[Start of Attachment]

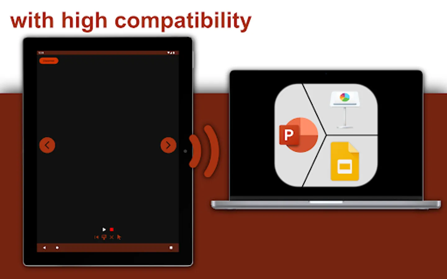 Control your presentation with your Smartphone. For this, you need to install PPTControl Desktop on your computer. After the installation, you can select the computer on your device. While selecting, a request is sent, which can be accepted in the PPTControl Desktop application. After successful pairing, you can block new requests so that only you have control over your presentations.
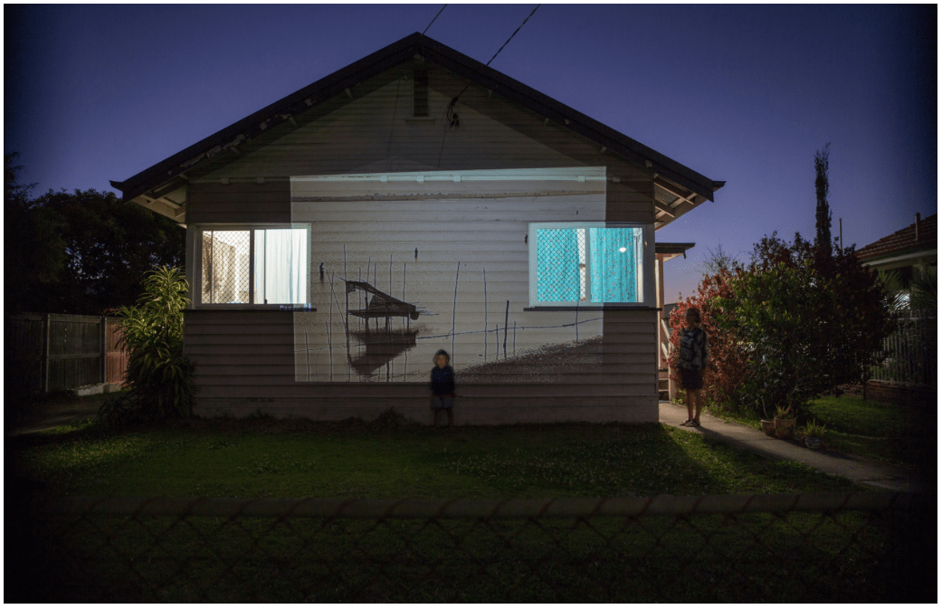 Her process is to project images the images of children in refugee camps that she has herself visited, onto ordinary Australian homes that now house the lucky few who have been given asylum here. The technique involves a careful balancing of remaining daylight, streetlights and shadows to make the images sufficiently legible. It is a thought-provoking reversal, for me, of projections inside suburban houses of the 1960s holiday slide shows of my shutter-bug uncles.
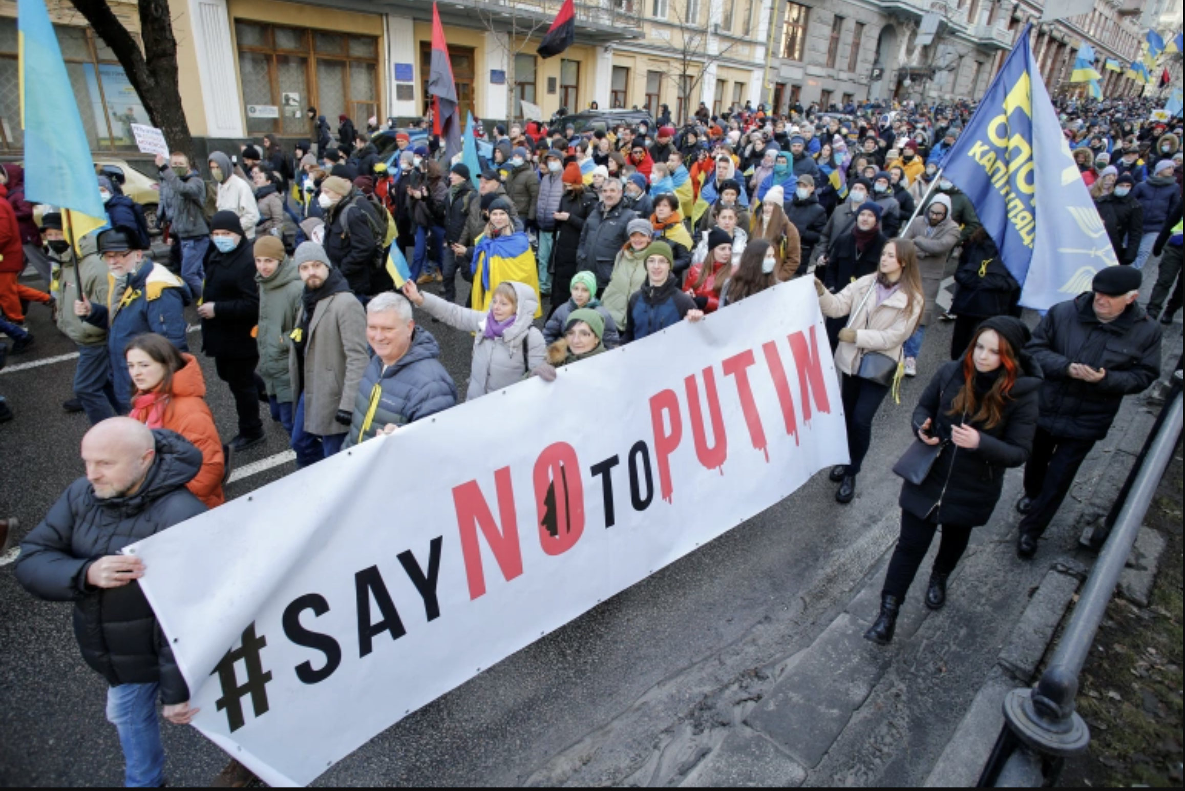 Milhares de ucranianos se reuniram para mostrar unidade em meio a temores de uma invasão russa, enquanto o líder da Ucrânia disse às pessoas para não entrarem em pânico e rechaçou o que ele disse ser um excesso de previsões sombrias de guerra relatadas na mídia.
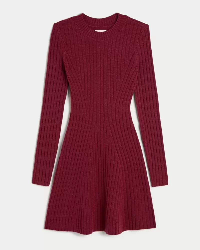 Super soft and comfortable, this long-sleeve mini dress features a crew neckline, ribbed texture and skater silhouette. Long sleeves, cozy sweater-knit fabric. Imported.
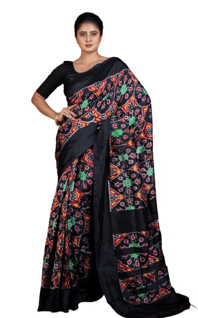Bengal looms India Exclusive Madathasu Ikkat Pochampally Silk Saree in Black, Red and Multicolored Sari for Women

[End of Attachment]

ACTIVITY »
Where a picture appears in the records above, omit it, and transcribe exactly the stretch of lines from the one with "Her process is" through the one with "Super soft and".

RESULT »
 Her process is to project images the images of children in refugee camps that she has herself visited, onto ordinary Australian homes that now house the lucky few who have been given asylum here. The technique involves a careful balancing of remaining daylight, streetlights and shadows to make the images sufficiently legible. It is a thought-provoking reversal, for me, of projections inside suburban houses of the 1960s holiday slide shows of my shutter-bug uncles.
 Milhares de ucranianos se reuniram para mostrar unidade em meio a temores de uma invasão russa, enquanto o líder da Ucrânia disse às pessoas para não entrarem em pânico e rechaçou o que ele disse ser um excesso de previsões sombrias de guerra relatadas na mídia.
 Super soft and comfortable, this long-sleeve mini dress features a crew neckline, ribbed texture and skater silhouette. Long sleeves, cozy sweater-knit fabric. Imported.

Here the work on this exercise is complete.